How a Centre County township is preparing as plans for AI data centers grow across PA
AI-generated summary reviewed by our newsroom.
- College Township proposes adding data centers to definitions and conditional uses.
- Amendments aim to preserve municipal review time in response to SB 939.
- Planners weigh water, land use and infrastructure impacts alongside local control.
As planned AI data centers continue to grow across the United States and Pennsylvania, one Centre Region township is looking to take precautions in case one is proposed there.
While no data centers have been proposed for the area yet, the College Township Council will look to add “data centers” to its zoning ordinance’s list of definitions, and include data centers as a conditional use in the township’s rural residential zoning district during its meeting on Thursday, Feb. 19.
If the ordinance amendments are approved, the council’s meeting agenda states that the definition for data centers will be “buildings or premises primarily occupied by computers and/or telecommunications equipment where data is processed, transferred, and/or stored.”
According to assistant township manager Mike Bloom, the ordinance amendments come in response PA Senate Bill 939, which was introduced last year and includes language that limits municipalities’ authority related to land use and zoning regulations as assigned under the Pennsylvania Municipalities Planning Code (MPC).
“In particular, the original bill truncated the MPC’s permitted 90-day review period in areas where data centers were considered permitted uses to 30 days,” Bloom wrote in a Feb. 11 email to the CDT. “However, if data centers were otherwise permitted as a conditional use, the bill allowed a 120-day review. The original language also restricted municipalities from imposing stricter standards on data centers than those applied to other industrial uses.”
Amending the zoning ordinance, Bloom said, “is intended to afford the municipality a measure of control and sufficient time with which to react to any potential future data center land development plan submission.”
The amendments were discussed during a Feb. 5 Centre Region Planning Commission meeting, where College Township Principal Planner Lindsay Schoch said that the rural residential district was selected for conditional use allowance due to the Oak Hall Quarry being located within its boundaries.
While most AI data centers require massive amounts of water for their cooling systems, Schoch hopes that any potential data center developers would be able to use the water from the quarry, instead of tapping into an aquifer below the earth’s surface.
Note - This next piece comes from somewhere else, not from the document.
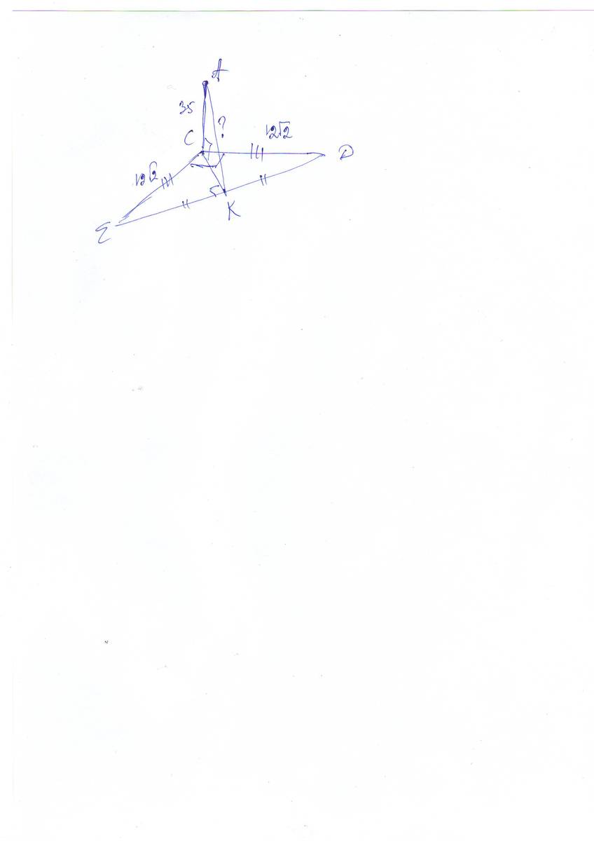 1) Через вершину прямого угла С в равнобедренном треугольнике СDE проведена прямая CA, перпендикулярная плоскости треугольника. Известно, что СА = 35 дм, CD=

“We thought that there was an opportunity maybe to use beneficial re-use of [the quarry’s water] to get the data center out into the area of town where there really isn’t much else around it,” Schoch said at the planning commission meeting.
William Burnett, a member of Patton Township’s planning commission, vehemently disagreed with College Township’s proposed amendments at the meeting, calling the changes “a very bad idea.”
“You have a lot more issues and a lot more problems with data centers coming into an area, and it doesn’t support the number of jobs that people think it does. Data centers really don’t have a large staff of people working in them — it’s three or four people after it’s been built,” Burnett said.
As the data center boom continues in Pennsylvania, politicians on both sides of the aisle, including Gov. Josh Shapiro, have thrown their support behind AI industry investment while calling for more guidelines. But many Pennsylvanians have expressed concerns about impacts on energy prices, the environment and water usage.
Burnett echoed some of those concerns and said he could see College Township running into problems with its ordinance.
“I think it opens you up to having uncomfortable conversations of realizing that you’ve slipped into something too late, or you’ve slipped into something, and when you realize you’ve slipped into it and it turns out to be a bad case, that it’s already too late,” he said.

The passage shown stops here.